1\. They're currently in the red.

2\. VP6, their only successful product in recent years, is obsolete.

3\. Neither VP7 nor VP8 is competitive with the best H.264 encoders, nor do
they have the clout to get hardware implementations out there. They will serve
--at best--as niche formats, like Bink. VP7 got practically no adoption--the
only notable licensee I know of is Skype video chat. As VP8 is basically just
a faster, pared-down VP7, I doubt it will do much more for them.

Most importantly, proprietary video and audio formats are simply hard to pitch
nowadays. Nobody wants to use file formats that depend entirely on the
implementations and support of a single company; it's simply too risky. The
only proprietary format I can think of that still has wide adoption for
reasons other than legacy is Bink, due to the low licensing costs, good
reputation, top-quality tools, and cross-platform availability. And, of
course, the fact that games are usually release-once-and-forget products,
maybe with a few bugfix patches on the side.
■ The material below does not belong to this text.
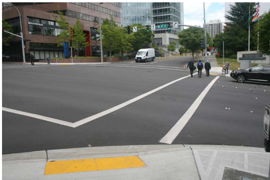
Traverse (parallel bar) crosswalk presently seen in Bellevue.

The new crosswalk pavement markings will be phased in over time as new development takes place, roadways are repaved and through other, smaller projects.
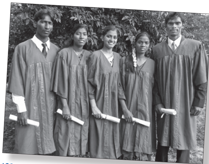
ICC graduating students from India

We urgently need more sponsors and donors right now. This is a very difficult economic time for individuals and organizations. If you can help us find others who have a heart for children like you do, we will be happy to send them information about this ministry that God set up to help children around the world.

(Note "professional" video and audio stuff is its own world, and has a huge
variety of almost-entirely-proprietary stuff, like ProRes, etc.)

4\. Their last code release, VP3, while quite outdated, is a great example of
utterly atrocious code, which doesn't say much for the quality of the rest of
their code, or the capability of their programmers.

I found the fact that their shareholders asked for _more_ utterly hilarious.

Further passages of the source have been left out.